[RFC PATCH V2 2/2] nvme: rdma: use ib_device's max_qp_wr to limit sqsize

Mon Dec 25 00:40:22 PST 2023

在 2023/12/24 09:37, Max Gurtovoy 写道:
>
>
> On 22/12/2023 8:58, Guixin Liu wrote:
>>
>> 在 2023/12/21 03:27, Sagi Grimberg 写道:
>>>
>>>>>> @@ -1030,11 +1030,13 @@ static int nvme_rdma_setup_ctrl(struct 
>>>>>> nvme_rdma_ctrl *ctrl, bool new)
>>>>>>               ctrl->ctrl.opts->queue_size, ctrl->ctrl.sqsize + 1);
>>>>>>       }
>>>>>> -    if (ctrl->ctrl.sqsize + 1 > NVME_RDMA_MAX_QUEUE_SIZE) {
>>>>>> +    ib_max_qsize = ctrl->device->dev->attrs.max_qp_wr /
>>>>>> +            (NVME_RDMA_SEND_WR_FACTOR + 1);
>>>>>
>>>>> rdma_dev_max_qsize is a better name.
>>>>>
>>>>> Also, you can drop the RFC for the next submission.
>>>>>
>>>>
>>>> Sagi,
>>>> I don't feel comfortable with these patches.
>>>
>>> Well, good that you're speaking up then ;)
>>>
>>>> First I would like to understand the need for it.
>>>
>>> I assumed that he stumbled on a device that did not support the
>>> existing max of 128 nvme commands (which is 384 rdma wrs for the qp).
>>>
>> The situation is that I need a queue depth greater than 128.
>>>> Second, the QP WR can be constructed from one or more WQEs and the 
>>>> WQEs can be constructed from one or more WQEBBs.

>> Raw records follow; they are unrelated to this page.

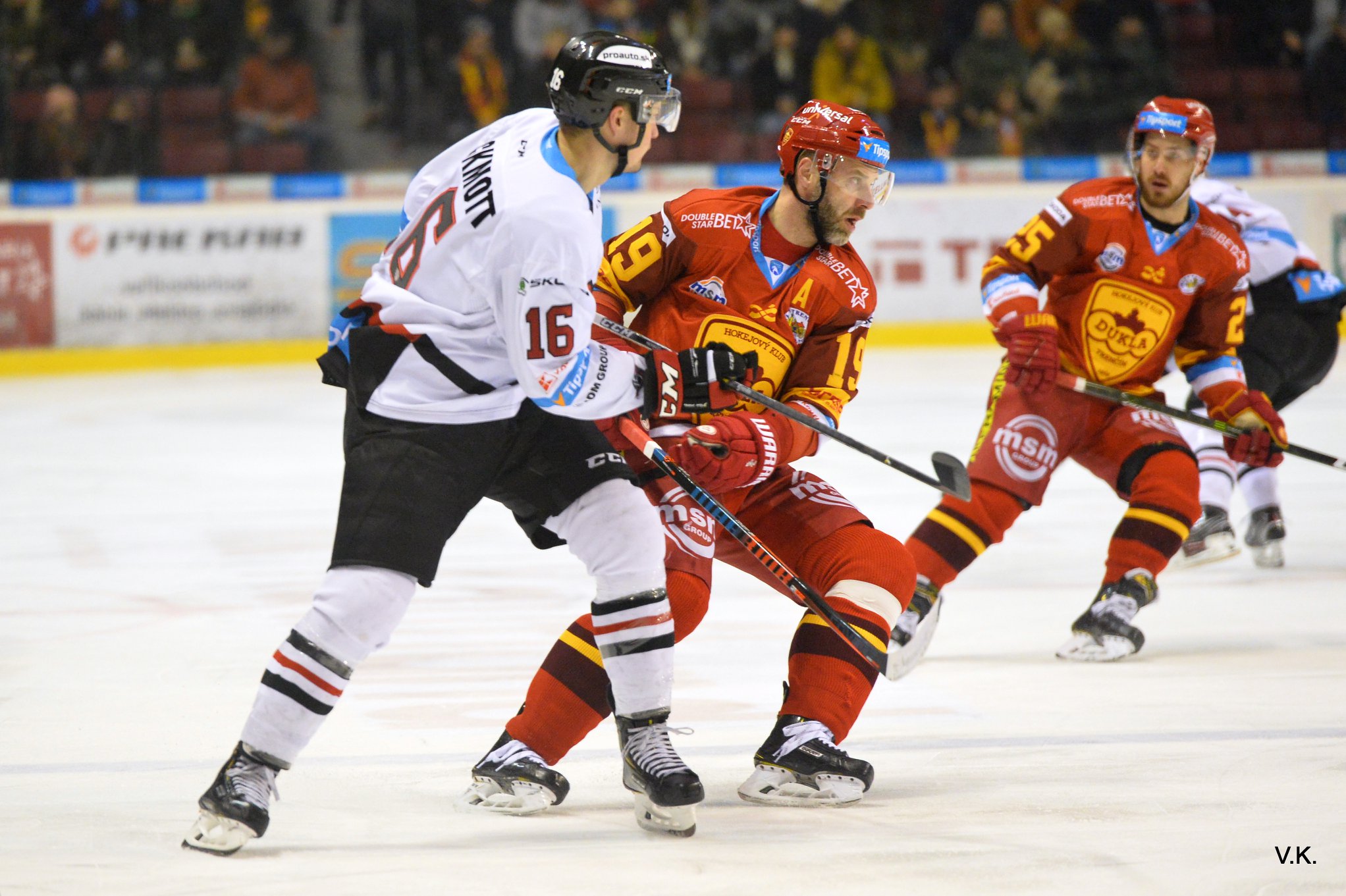 Banskobystrickí hokejisti v 36. kole Tipsport ligy vyhrali štvrtý zápas v rade, tentoraz v Trenčíne. Tamojšiu Duklu sme zdolali tesne 3:2. Nastúpili sme opäť bez viacerých opôr základného kádra, pre zdravotné problémy chýbali štyria hráči – kapitán Ďatelinka a trojica útočníkov Bartánus, Kabáč a Šoltés.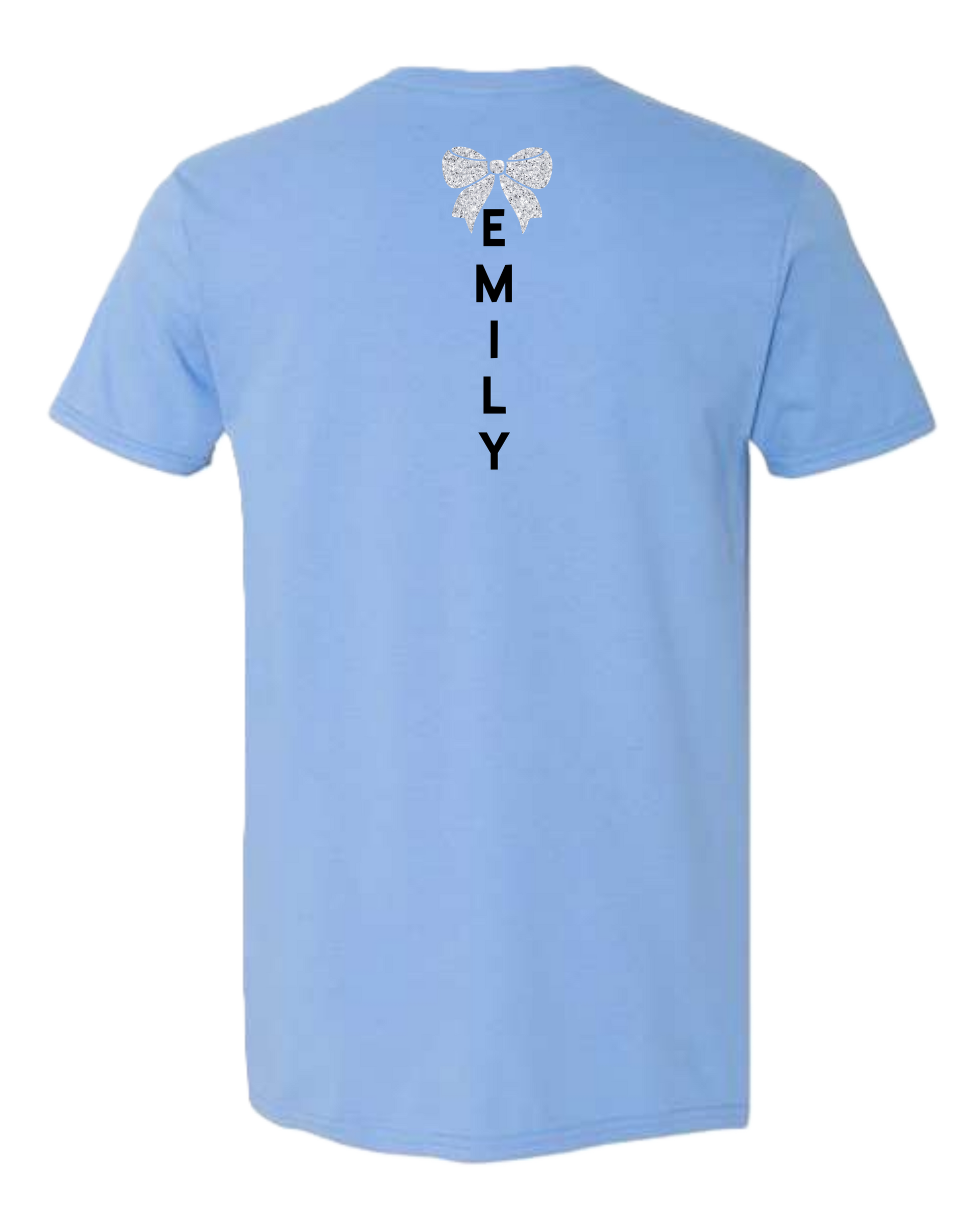 To add a name stop by the store or email us at CS@msjboutique.com with this order number and name. The bow is glitter silver and name is glitter black. Cost is $4 additional for the name.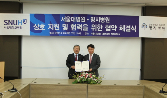명지병원은 28일 서울대병원과 교육렛П막진료럭彭坪퓐沼獰?개발 및 학술교류 등에 상호 지원 및 협력하는 포괄적인 협약을 체결했다고 밝혔다.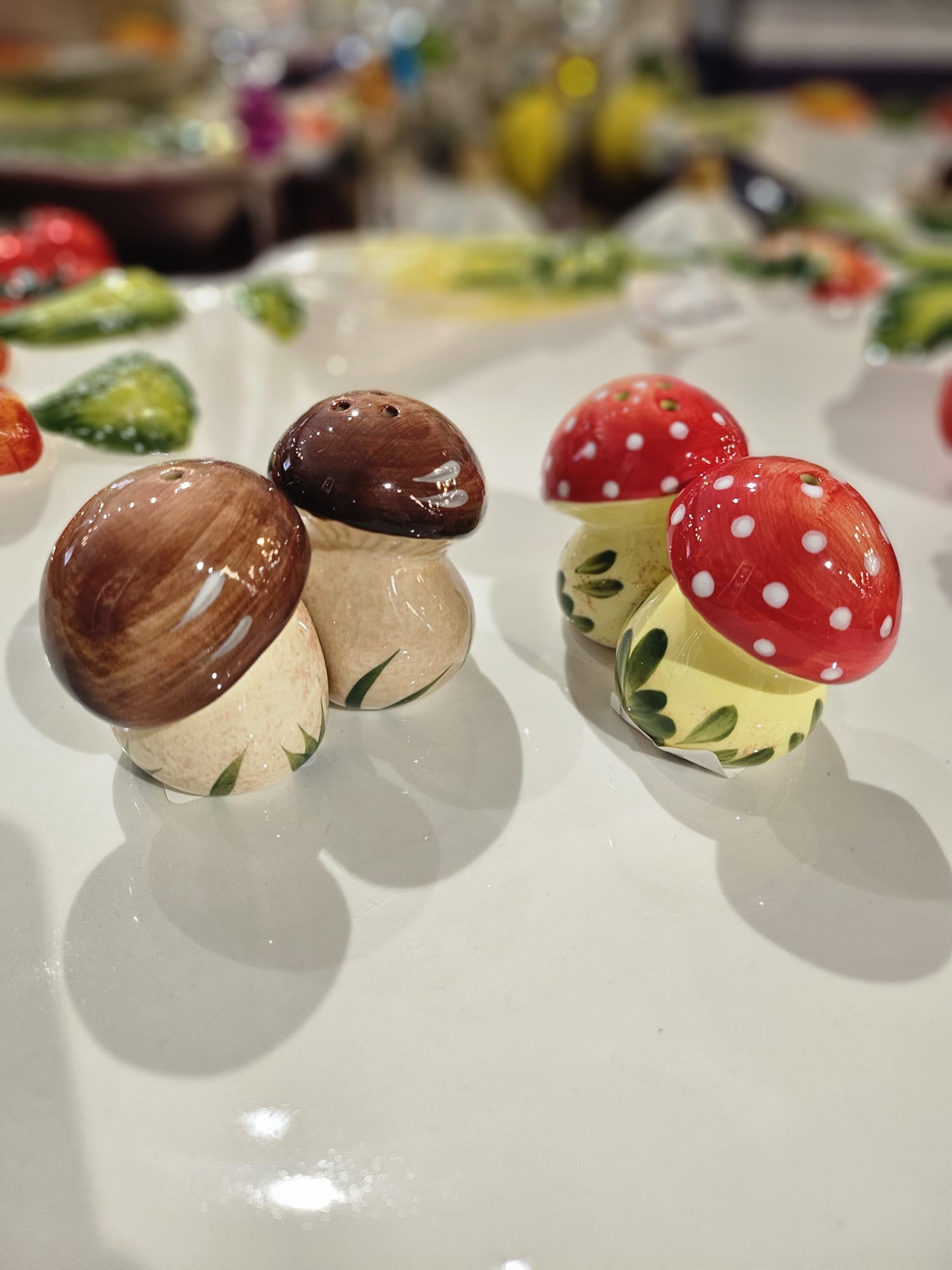 Izsmalcināts sāls un pipara trauciņu pāris mušmiru dizainā, kas piešķirs jūsu galdam rotaļīgu un elegantu akcentu. Trauciņi darināti Itālijā no kvalitatīvas keramikas un katrs no tiem ir roku gleznojums – tas nozīmē, ka katrs priekšmets ir unikāls un var nedaudz atšķirties no attēlā redzamā.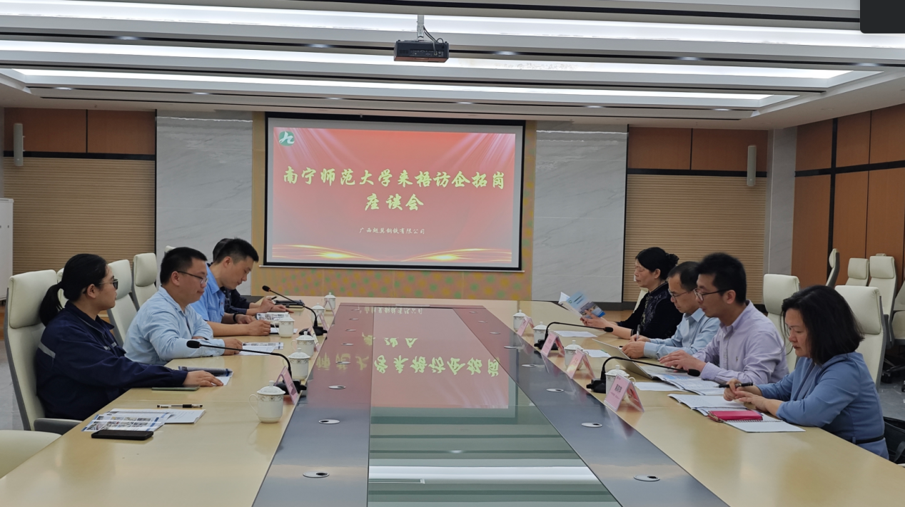 在广西翅冀钢铁有限公司,调研组跟随公司人力资源处走进了钢材生产车间、化验大楼、公司配套生活休闲娱乐设施进行参观。随后调研组与广西翅冀钢铁有限公司开展座谈会、与往届毕业生代表开展座谈,两个学院领导分别介绍了2025届毕业生信息,并邀请广西翅冀钢铁有限公司参与校园专场招聘会,双方就深化校企合作、产教融合,创新人才培养模式等方面进行了深入交流。
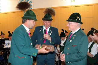 Im Rahmen des diesjährigen Trachtenjahrtags am Ostermontag konnte Balthasar Lackerschmidt (in Abwesenheit) für 50 Jahre aktive Mitgliedschaft ausgezeichnet werden. Als besonderes Dankeschön für sein jahrzehntelanges Busfahren überreichte Vorstand Franz Praßberger dem Vereinsmitglied Georg Winkler, der zum 1. Januar in den wohlverdienten Ruhestand gegangen ist, ein kleines Präsent in Form eines schön verzierten Schokoladen-Omnibus.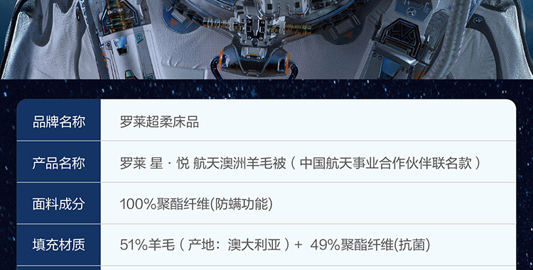 商品名称:J-罗莱 星悦 航天防螨羊毛被子【中国航天事业合作伙伴联名款】200*230cm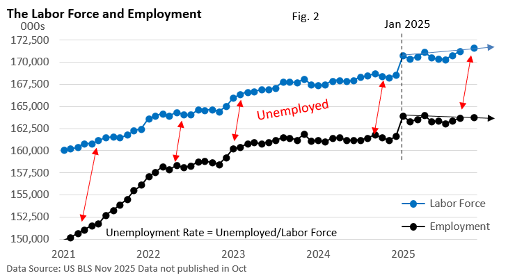 Since the number of unemployed is up since the beginning of the year—see Figure 2, the unemployment rate has risen from 4.0% in January to 4.6% in November.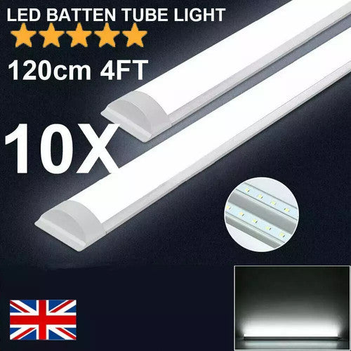 10X 120cm LED Strip Lights Batten Tube Light Office Shop Garage Ceiling Lamp 4FT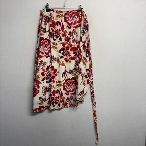 Elevate your style with this elegant floral wrap skirt. Featuring a vibrant red and cream design, it's perfect for any occasion.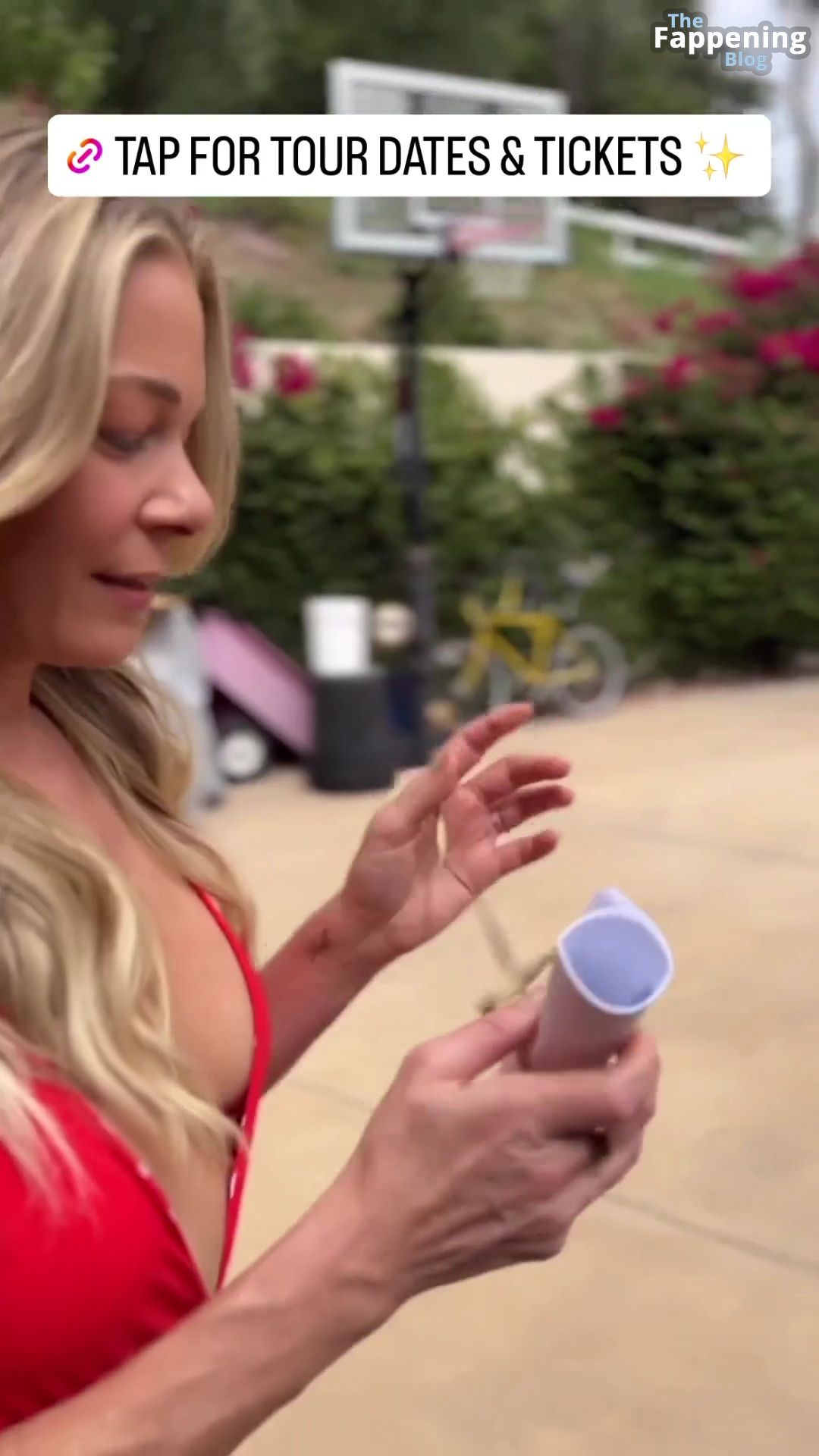 Prepárate para quedar impresionado con las impresionantes fotos y video de Leann Rimes, mostrando un escote serio con sus grandes y voluptuosos pechos en un traje de baño rojo súper escotado que deja boquiabierto. Está causando sensación mientras anuncia su próxima gira.

The max_qp_wr 
>>>> doesn't take it into account.
>>>
>>> Well, it is not taken into account now either with the existing magic
>>> limit in nvmet. The rdma limits reporting mechanism was and still is
>>> unusable.
>>>
>>> I would expect a device that has different size for different work
>>> items to report max_qp_wr accounting for the largest work element that
>>> the device supports, so it is universally correct.
>>>
>>> The fact that max_qp_wr means the maximum number of slots is a qp and
>>> at the same time different work requests can arbitrarily use any number
>>> of slots without anyone ever knowing, makes it pretty much 
>>> impossible to
>>> use reliably.
>>>
>>> Maybe rdma device attributes need a new attribute called
>>> universal_max_qp_wr that is going to actually be reliable and not
>>> guess-work?
>>
>> I see, the max_qp_wr is not as reliable as I imagined. Is there any 
>> another way to get a queue depth grater than 128
>>
>> instead of changing NVME_RDMA_MAX_QUEUE_SIZE?
>>
>
> When I added this limit to RDMA transports it was to avoid a situation 
> that a QP will fail to be created if one will ask a large queue.
>
> I choose 128 since it was supported for all the RDMA adapters I've 
> tested in my lab (mostly Mellanox adapters).
> For this queue depth we found that the performance is good enough and 
> it will not be improved if we will increase the depth.
>
> Are you saying that you have a device that can provide better 
> performance with qdepth > 128 ?
> What is the tested qdepth and what are the numbers you see with this 
> qdepth ?

Yeah, you are right, the improvement is small(about %1~2%), I do this 
only for better benchmark,

I still consist that using the capabilities of RDMA device to determine 
the size of queue is a better choice, but now I change the

NVME_RDMA_MAX_QUEUE_SIZE to 256 for bidding.

Best regards,

Guixin Liu